Nothing
R/change.point.R
In RecordTest: Inference Tools in Time Series Based on Record Statistics
Defines functions
.rd
.pK
change.point
Documented in
change.point
#' @title Change-point Detection Tests Based on Records
#'
#' @importFrom stats runif
#'
#' @description Performs change-point detection tests based on the record
#' occurrence. The hypothesis of the classical record model (i.e., of IID
#' continuous RVs) is tested against the alternative hypothesis that after a
#' certain time the series stops being IID.
#'
#' @details
#' The test is implemented as given by Castillo-Mateo (2022). The null
#' hypothesis is that
#' \deqn{H_0: p_t = 1/t, \qquad t=1,\ldots,T,}
#' where \eqn{p_t} is the probability of (upper and/or lower) record at time
#' \eqn{t}. The two-sided alternative hypothesis is that
#' \deqn{H_1: p_t = 1/t, \quad t=1,\ldots,t_0, \qquad p_t \neq 1/t, \quad t=t_0+1,\ldots,T,}
#' for a change-point \eqn{t_0}.
#'
#' The variables used for the statistic are
#' \deqn{K^{\omega}_T = \max_{1\le t \le T} \left| \frac{N_{t}^{\omega} - \textrm{E}(N_{t}^{\omega})}{\sqrt{\textrm{VAR}(N_{T}^{\omega})}} - \frac{\textrm{VAR}(N_{t}^{\omega})}{\textrm{VAR}(N_{T}^{\omega})} \frac{N_{T}^{\omega} - \textrm{E}(N_{T}^{\omega})}{\sqrt{\textrm{VAR}(N_{T}^{\omega})}} \right|,}
#' where \eqn{N_{t}^\omega = \sum_{m=1}^M \sum_{j=1}^t \omega_j I_{jm}}, and
#' the estimated change-point \eqn{\hat{t}_0} is the value \eqn{t} where
#' \eqn{K^{\omega}_T} attains its maximum.
#'
#' Argument \code{record} indicates if the \eqn{I_{tm}}'s are the
#' \code{"upper"} or \code{"lower"} record indicators (see
#' \code{\link{I.record}}). If \code{record = "d"} or \code{= "s"},
#' \eqn{N_{t}^\omega} is substituted in the expressions above by
#' \eqn{d_{t}^{\omega,(F)} = N_{t}^{\omega,(FU)} - N_{t}^{\omega,(FL)}} or
#' \eqn{s_{t}^{\omega,(F)} = N_{t}^{\omega,(FU)} + N_{t}^{\omega,(FL)}},
#' respectively.
#'
#' The p-value is calculated by means of the asymptotic Kolmogorov
#' distribution. When \eqn{\omega_t \neq 1}, the asymptotic result is not
#' fulfilled. In that case, the p-value should be simulated using
#' permutation or Monte Carlo simulations with the option
#' \code{permutation.test = TRUE} or \code{simulate.p.value = TRUE},
#' respectively. Permutations is the only method of calculating p-values that
#' does not require that the columns of \code{X} be independent.
#'
#' As the Kolmogorov distribution is an asymptotic result, it has been seen
#' that the size and power may be a little below than expected, to correct
#' this, any of the continuity corrections can be used:
#'
#' If \code{correct = "fisher"},
#' \deqn{K_T = - \sqrt{T} \log\left(1 - \frac{K_T}{\sqrt{T}}\right).}
#'
#' If \code{correct = "vrbik"},
#' \deqn{K_T = K_T + \frac{1}{6\sqrt{T}} + \frac{K_T - 1}{4T}.}
#'
#' @param X A numeric vector, matrix (or data frame).
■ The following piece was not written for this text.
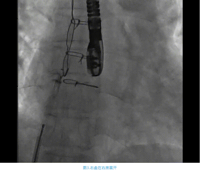 術(shù)中首先在局麻下穿刺股動(dòng)脈、股靜脈,完成心導(dǎo)管檢查評(píng)估后轉(zhuǎn)為全麻,在食道超聲引導(dǎo)下穿刺房間隔,穿刺成功后將加硬導(dǎo)絲送入左上肺靜脈建立軌道,根據(jù)患者病情行球囊預(yù)擴(kuò)張后植入6mm孔徑房間隔造孔支架,經(jīng)透視及食道超聲評(píng)估支架左右盤展開良好,夾持于房間隔兩側(cè),固定穩(wěn)定、位置良好,食道彩超顯示房水平右向左為主分流,分流孔直徑符合預(yù)期大小,心導(dǎo)管檢查評(píng)估達(dá)到預(yù)期效果,釋放造孔支架。術(shù)后12h患者下床活動(dòng),恢復(fù)順利,擬于近日完善術(shù)后評(píng)估后出院。

#' @param weights A function indicating the weight given to the different
#' records according to their position in the series. Castillo-Mateo (2022)
#' showed that the weights that get more power for this test are
#' \eqn{\omega_t = \sqrt{t^2 / (t - 1)}}, i.e.,
#' \code{weights = function(t) ifelse(t == 1, 0, sqrt(t^2 / (t - 1)))} if
#' \code{record = "upper"} or \code{= "lower"}.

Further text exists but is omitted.